* TASK DESCRIPTION:
Below is a listing; print exactly its lines from the one containing "アメリカンクロスボーダープラ" down to the one containing "Fun Happy Birthday", both inclusive, with every picture left out.

* RECORDS SHOWN:
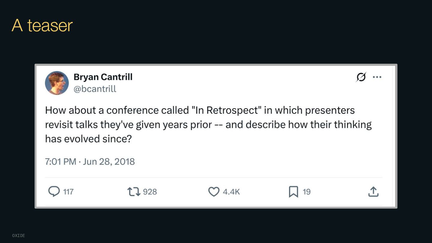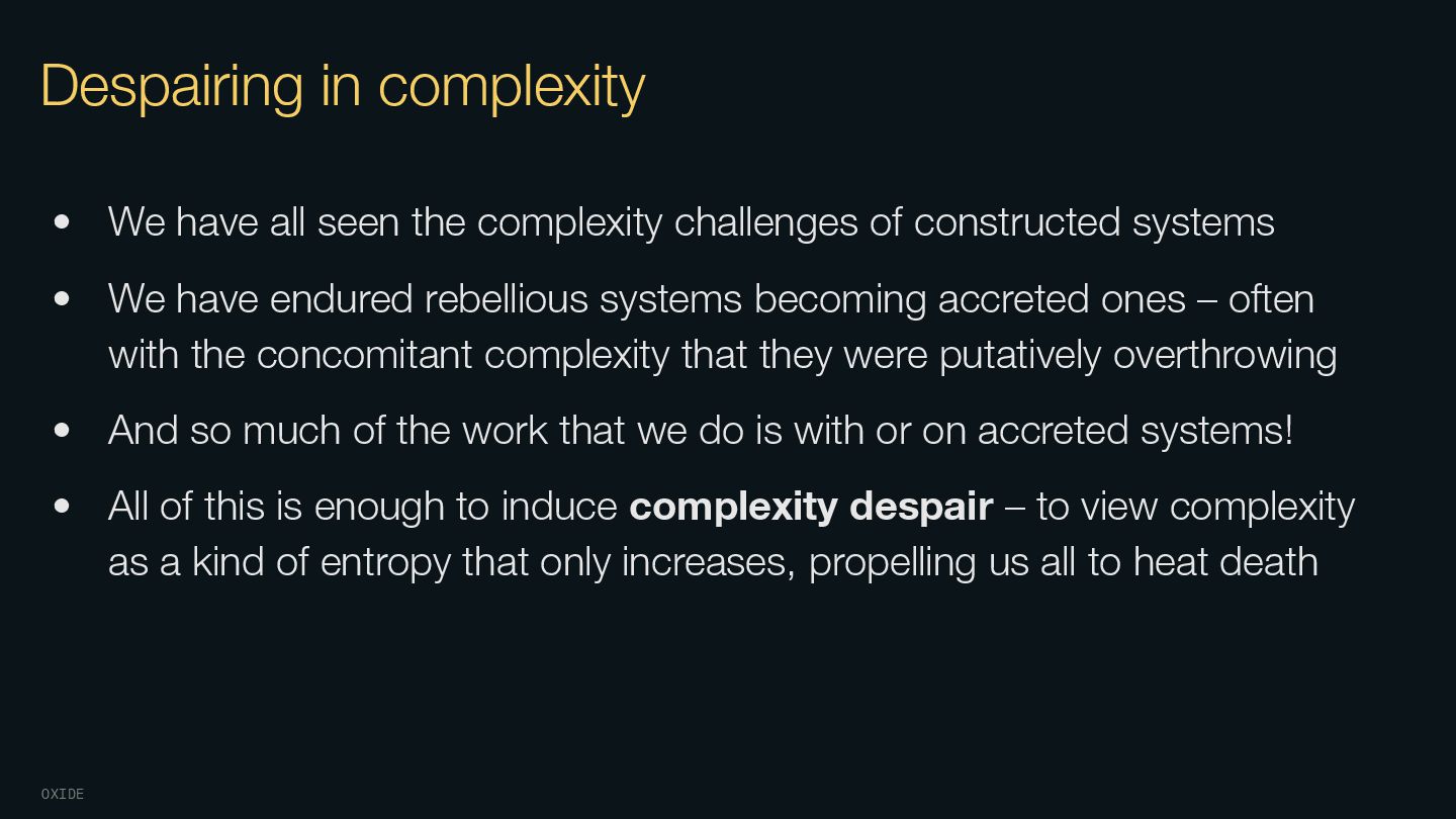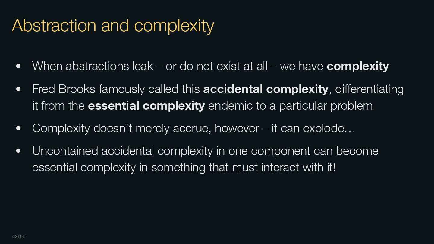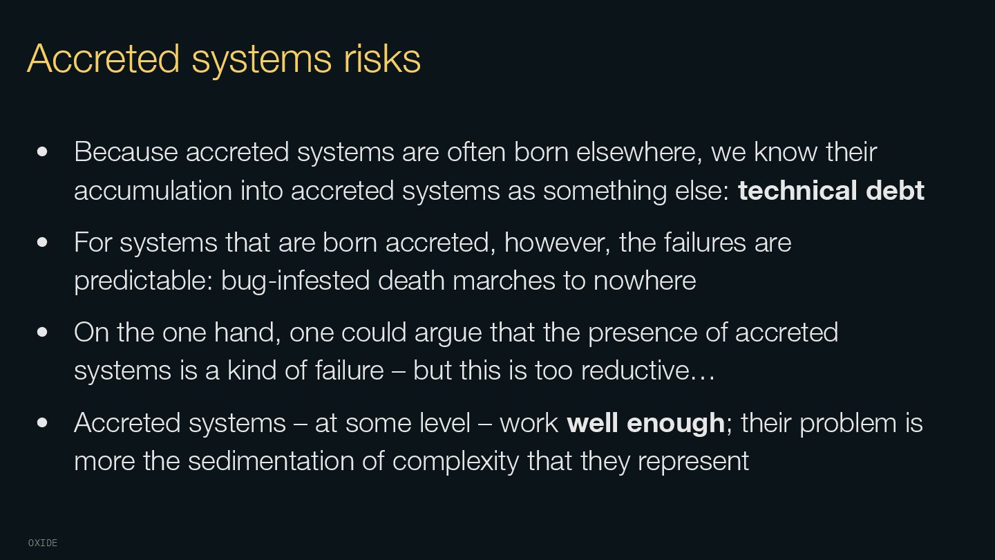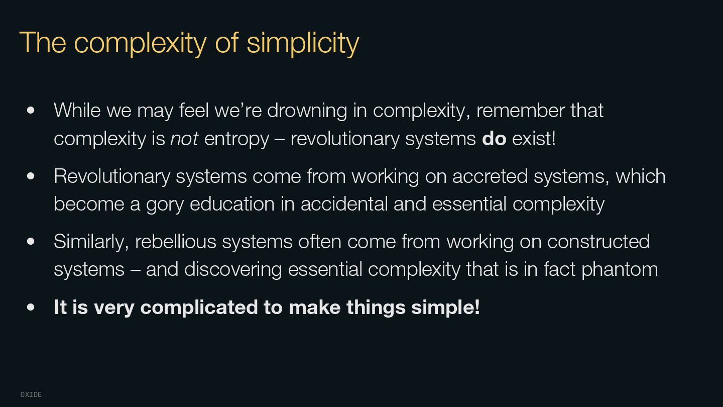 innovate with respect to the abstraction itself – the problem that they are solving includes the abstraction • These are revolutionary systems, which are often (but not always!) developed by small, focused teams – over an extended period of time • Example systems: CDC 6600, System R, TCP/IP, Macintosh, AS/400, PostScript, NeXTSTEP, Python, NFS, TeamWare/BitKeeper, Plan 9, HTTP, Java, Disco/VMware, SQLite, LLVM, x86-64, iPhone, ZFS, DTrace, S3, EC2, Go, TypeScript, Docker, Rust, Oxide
==
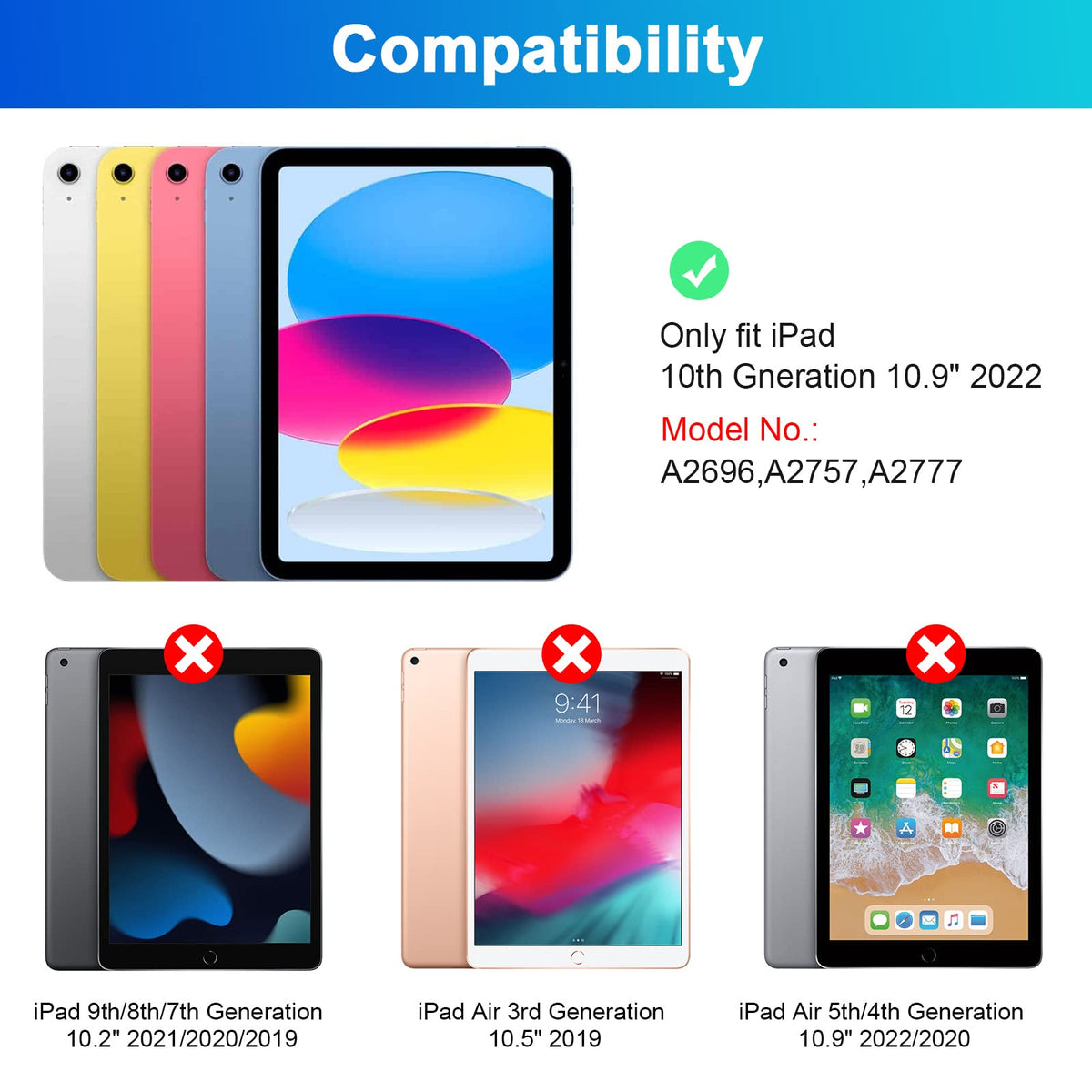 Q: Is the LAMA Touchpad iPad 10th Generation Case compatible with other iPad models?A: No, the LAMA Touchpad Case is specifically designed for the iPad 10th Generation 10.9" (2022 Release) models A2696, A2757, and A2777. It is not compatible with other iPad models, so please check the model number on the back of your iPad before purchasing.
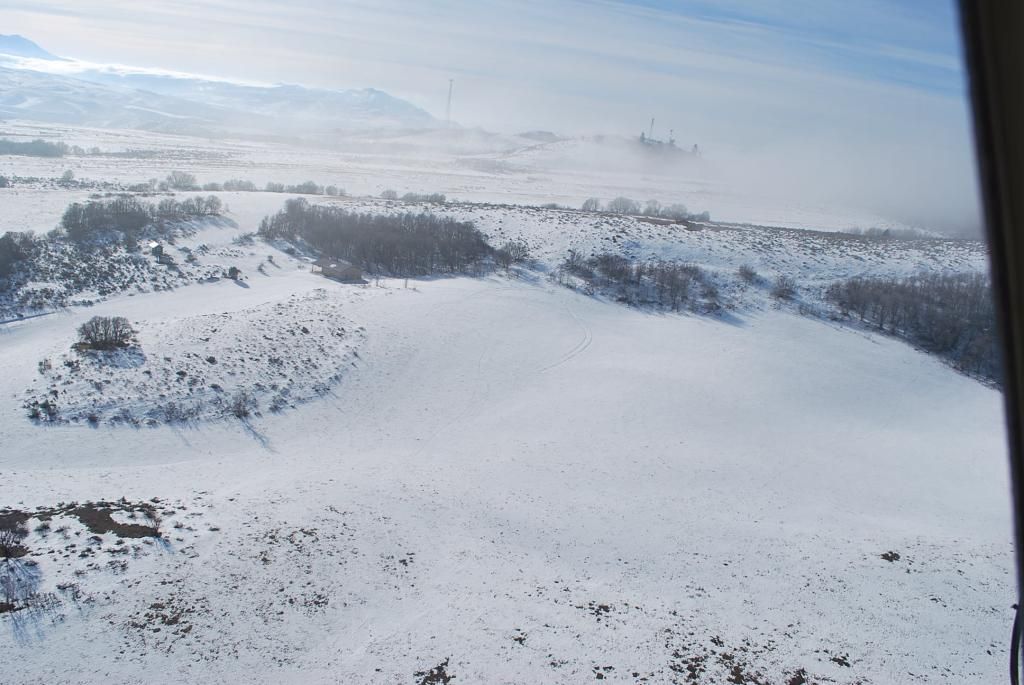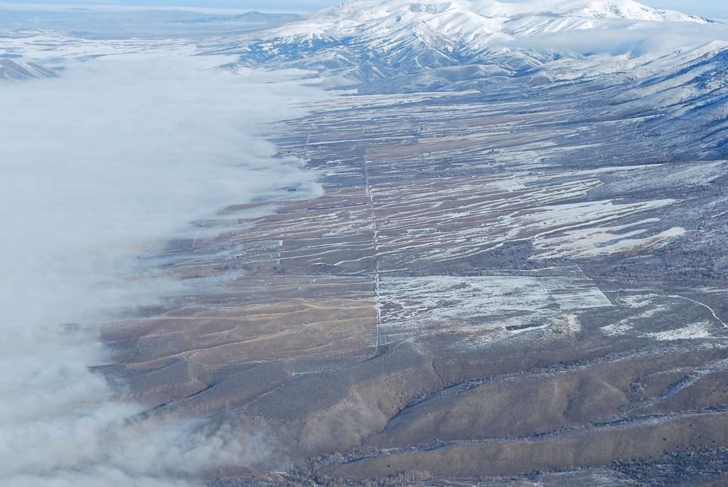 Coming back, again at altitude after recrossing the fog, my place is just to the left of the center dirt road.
...
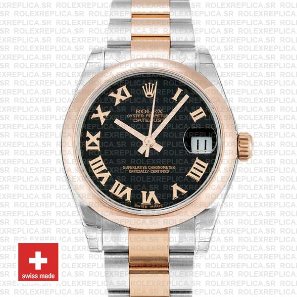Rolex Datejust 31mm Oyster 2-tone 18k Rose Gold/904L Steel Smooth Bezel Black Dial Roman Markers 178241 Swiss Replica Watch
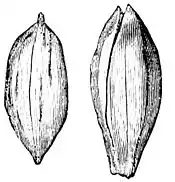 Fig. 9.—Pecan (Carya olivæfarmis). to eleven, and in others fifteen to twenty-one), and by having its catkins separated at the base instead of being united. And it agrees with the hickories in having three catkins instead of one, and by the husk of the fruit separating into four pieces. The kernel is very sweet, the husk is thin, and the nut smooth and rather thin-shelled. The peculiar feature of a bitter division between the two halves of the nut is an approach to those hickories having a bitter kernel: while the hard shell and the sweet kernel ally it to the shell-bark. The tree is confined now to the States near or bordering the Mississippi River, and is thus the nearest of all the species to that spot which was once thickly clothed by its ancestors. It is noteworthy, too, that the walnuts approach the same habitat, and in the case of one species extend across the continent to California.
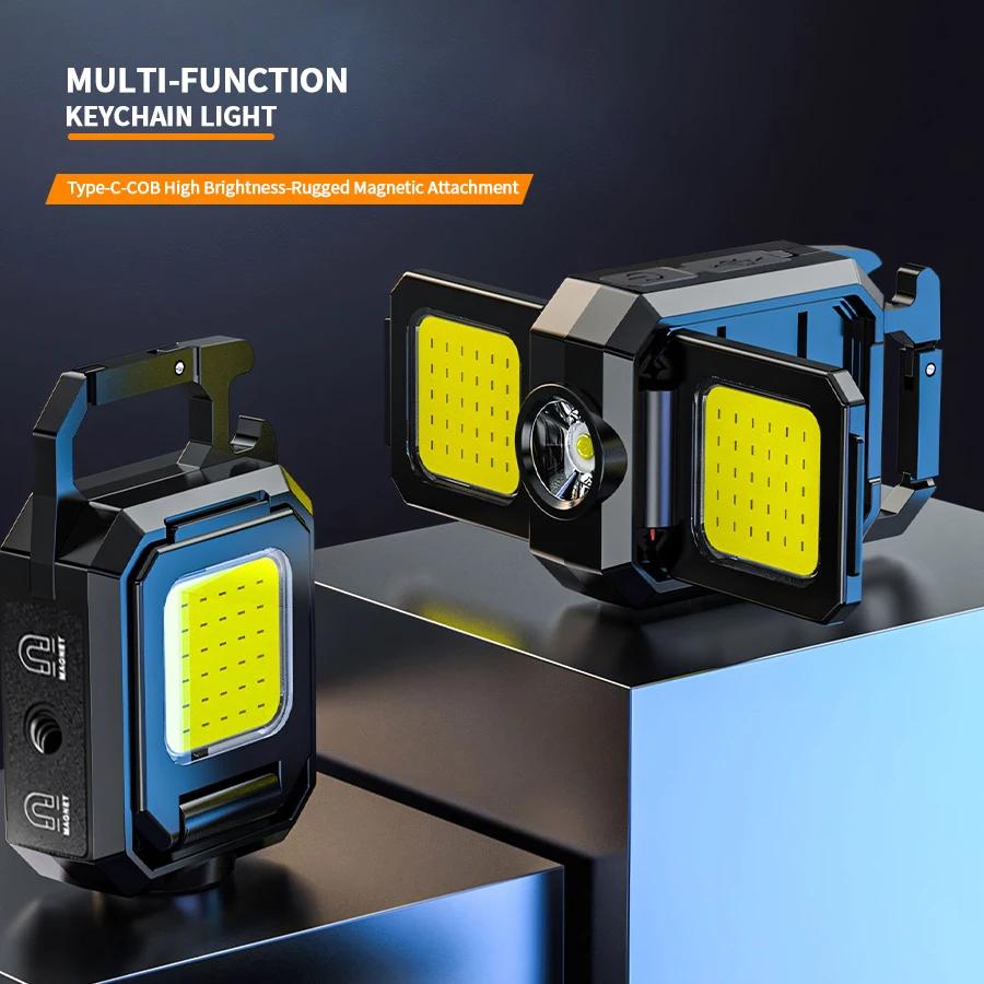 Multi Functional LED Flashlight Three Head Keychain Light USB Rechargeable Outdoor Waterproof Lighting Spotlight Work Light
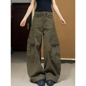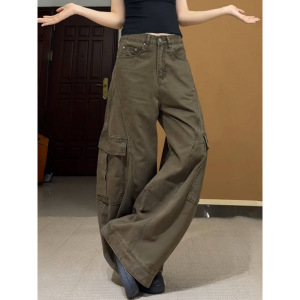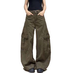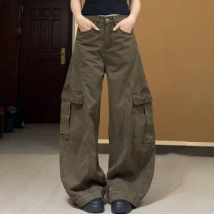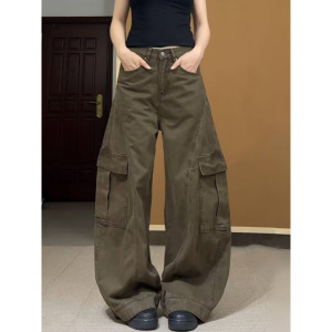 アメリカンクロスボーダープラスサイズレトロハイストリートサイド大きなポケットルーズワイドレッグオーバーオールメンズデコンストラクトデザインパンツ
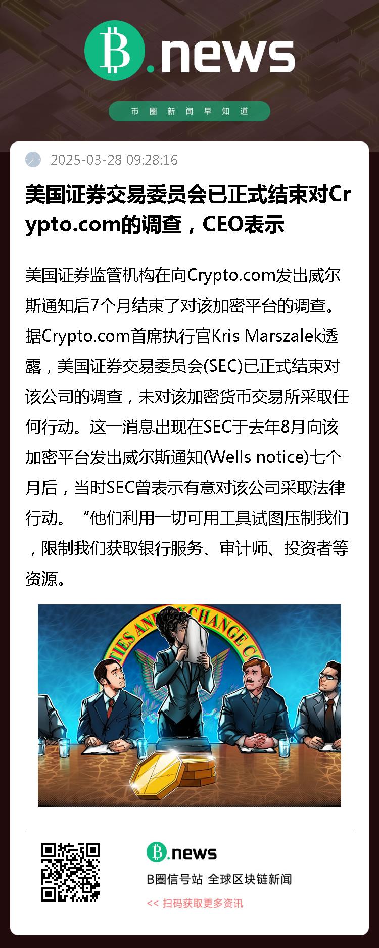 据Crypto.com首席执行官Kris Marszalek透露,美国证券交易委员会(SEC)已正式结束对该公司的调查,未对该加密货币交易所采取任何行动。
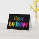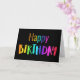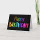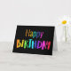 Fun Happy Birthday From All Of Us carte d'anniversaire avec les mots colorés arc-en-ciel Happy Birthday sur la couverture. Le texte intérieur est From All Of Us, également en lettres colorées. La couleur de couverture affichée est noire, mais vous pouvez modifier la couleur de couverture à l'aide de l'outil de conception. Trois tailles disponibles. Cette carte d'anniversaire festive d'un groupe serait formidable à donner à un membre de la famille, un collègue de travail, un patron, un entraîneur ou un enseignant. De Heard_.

* OUTPUT:
 アメリカンクロスボーダープラスサイズレトロハイストリートサイド大きなポケットルーズワイドレッグオーバーオールメンズデコンストラクトデザインパンツ
 据Crypto.com首席执行官Kris Marszalek透露,美国证券交易委员会(SEC)已正式结束对该公司的调查,未对该加密货币交易所采取任何行动。
 Fun Happy Birthday From All Of Us carte d'anniversaire avec les mots colorés arc-en-ciel Happy Birthday sur la couverture. Le texte intérieur est From All Of Us, également en lettres colorées. La couleur de couverture affichée est noire, mais vous pouvez modifier la couleur de couverture à l'aide de l'outil de conception. Trois tailles disponibles. Cette carte d'anniversaire festive d'un groupe serait formidable à donner à un membre de la famille, un collègue de travail, un patron, un entraîneur ou un enseignant. De Heard_.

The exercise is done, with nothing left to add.